> [Activity] A verbatim restatement of the data, free of pictures, is what you should output.

> [Material provided]
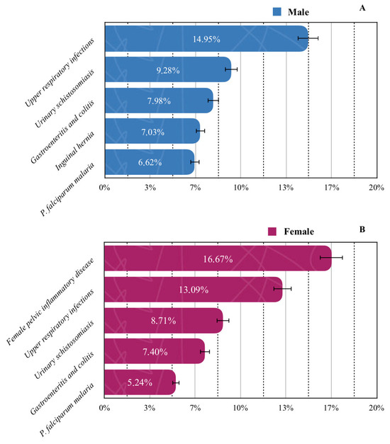 Prevalence of the five most common diseases by gender: (A) male; (B) female. Solid lines standard errors, and dashed vertical lines are auxiliary lines to help visualize the number of cases.
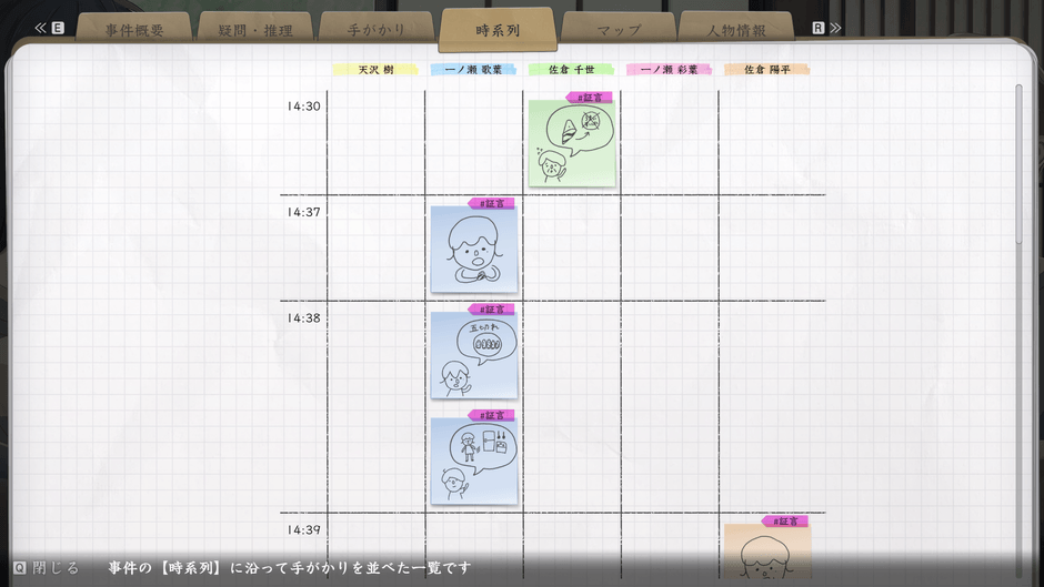 登場するキャラクターは全員が容疑者候補となる。
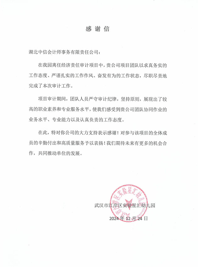 武漢市江岸區(qū)實(shí)驗(yàn)星匯幼兒園感謝信
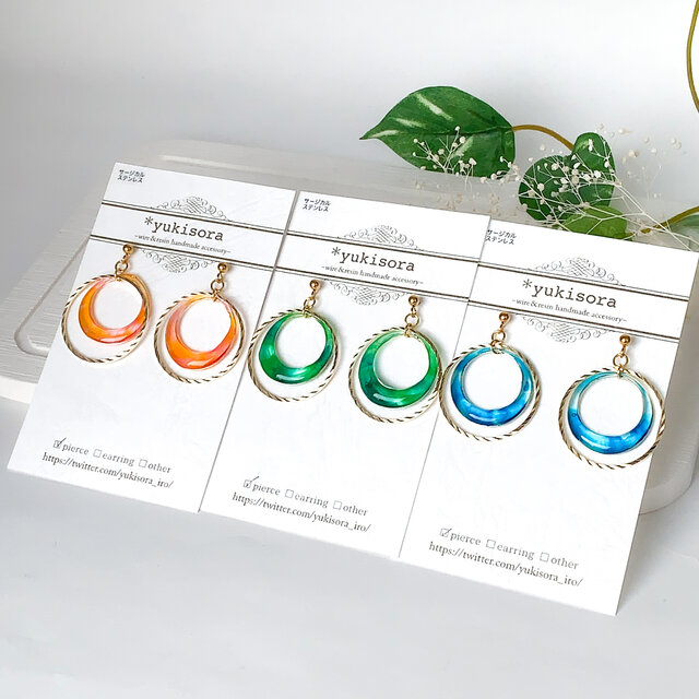 海をイメージしたクール×クリアな配色の耳飾りです。これからの季節にぴったりの爽やかな雰囲気ですね。
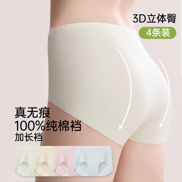4条冰丝女士内裤女纯棉抑菌加长裆舒适透气无痕内裤三角裤
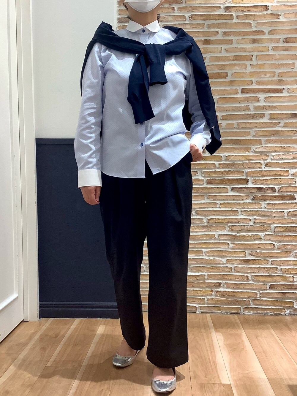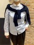 襟と袖口の白色がおしゃれ✨ 丸襟が可愛いすぎるかもと思っている方は第一ボタンを外してみてください! ジャケット、セーターなど色々なアイテムと合わせやすく着回し可能なアイテムです👚
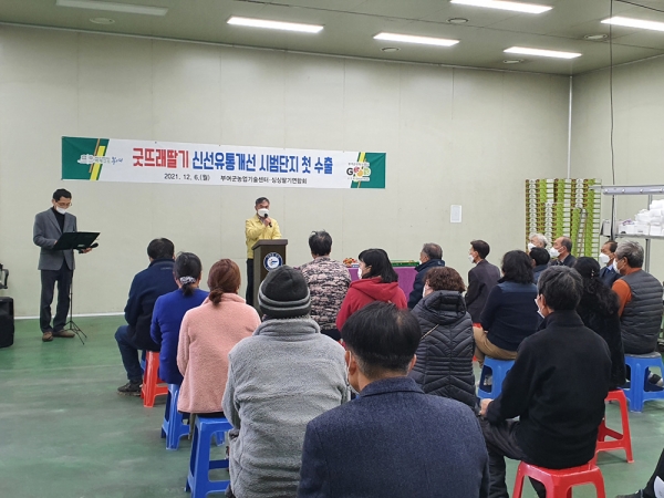 부여군 대표 딸기 작목회인 싱싱딸기연합회는 지난 6일 서부여농협 유통센터에서 회원농가, 기관단체장 등 20명이 참석한 가운데 부여 굿뜨래딸기 첫 수출 기념행사를 치렀다.
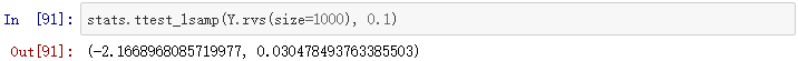 p值很小,意味着我们可以拒绝原假设(Y的均值为0.1)。
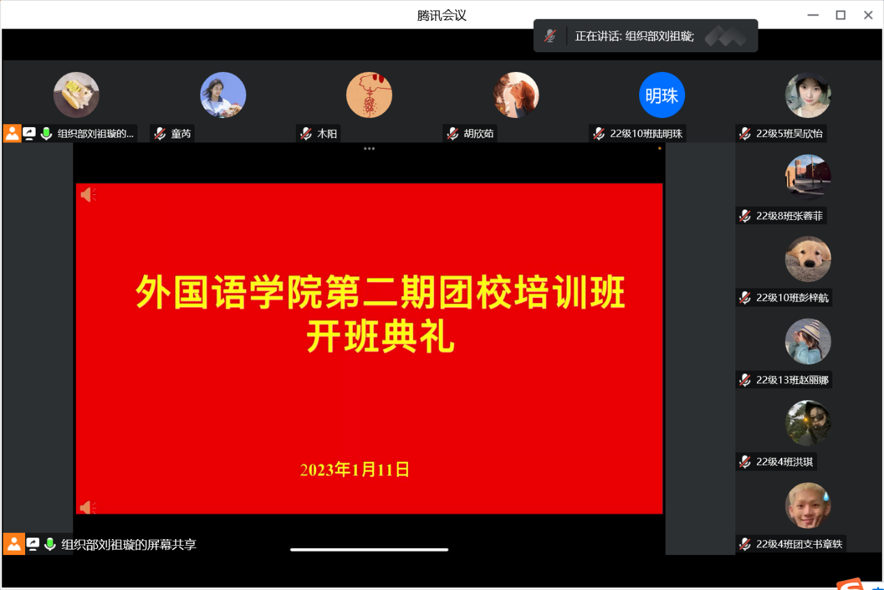1月11日,外国语学院第二期团校培训班开班典礼于线上举行,学院团委负责人、本期入团积极分子及2022级新生团支书近50人参会。
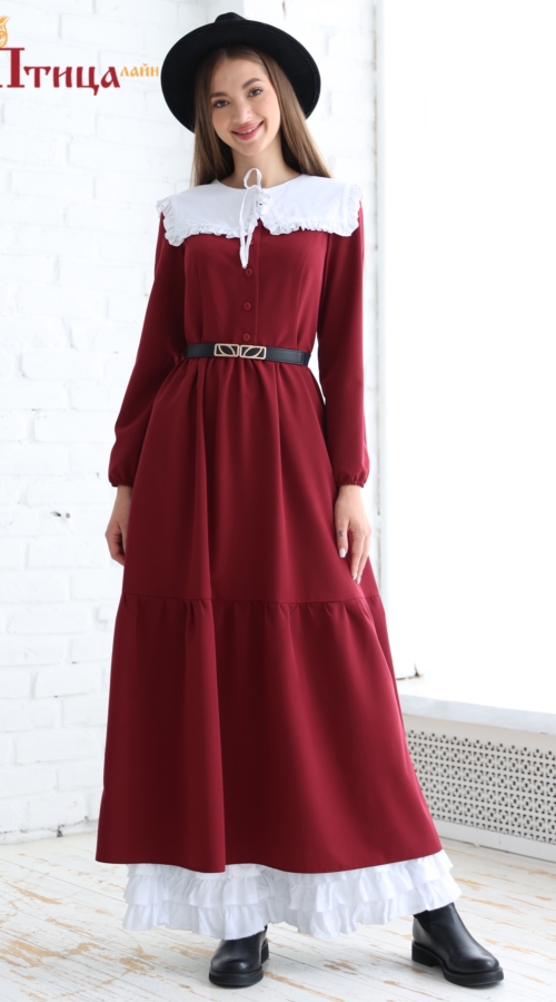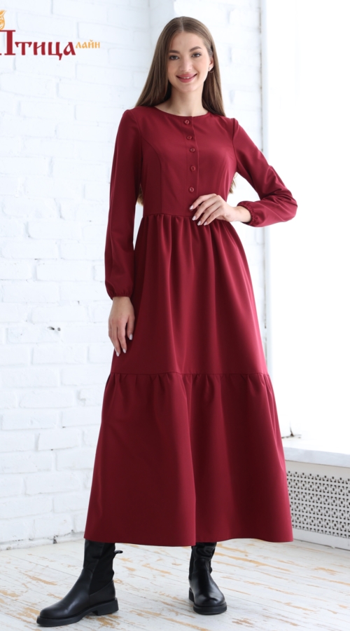 Платье женское отрезное по талии, полуприлегающего силуэта. Юбка расширенная к низу с легкой сборкой по талии, в два яруса на сборку. Рукав втачной, расширенный к низу на резиночке. Для удобства по среднему шву...
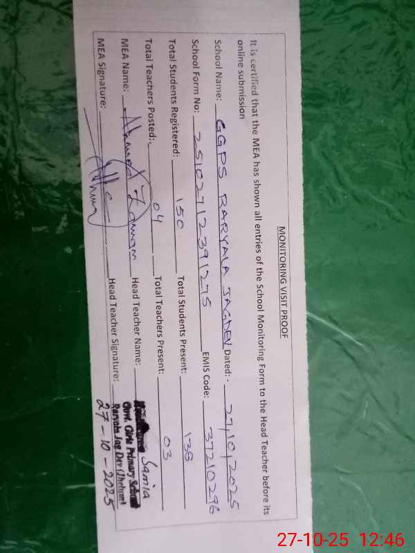 | EMIS Code: 37210296 | Name of School: GGPS RARYALA JAGDEV | |||

> [Response to the task]
 Prevalence of the five most common diseases by gender: (A) male; (B) female. Solid lines standard errors, and dashed vertical lines are auxiliary lines to help visualize the number of cases.
 登場するキャラクターは全員が容疑者候補となる。
 武漢市江岸區(qū)實(shí)驗(yàn)星匯幼兒園感謝信
 海をイメージしたクール×クリアな配色の耳飾りです。これからの季節にぴったりの爽やかな雰囲気ですね。
4条冰丝女士内裤女纯棉抑菌加长裆舒适透气无痕内裤三角裤
 襟と袖口の白色がおしゃれ✨ 丸襟が可愛いすぎるかもと思っている方は第一ボタンを外してみてください! ジャケット、セーターなど色々なアイテムと合わせやすく着回し可能なアイテムです👚
 부여군 대표 딸기 작목회인 싱싱딸기연합회는 지난 6일 서부여농협 유통센터에서 회원농가, 기관단체장 등 20명이 참석한 가운데 부여 굿뜨래딸기 첫 수출 기념행사를 치렀다.
 p值很小,意味着我们可以拒绝原假设(Y的均值为0.1)。
1月11日,外国语学院第二期团校培训班开班典礼于线上举行,学院团委负责人、本期入团积极分子及2022级新生团支书近50人参会。
 Платье женское отрезное по талии, полуприлегающего силуэта. Юбка расширенная к низу с легкой сборкой по талии, в два яруса на сборку. Рукав втачной, расширенный к низу на резиночке. Для удобства по среднему шву...
 | EMIS Code: 37210296 | Name of School: GGPS RARYALA JAGDEV | |||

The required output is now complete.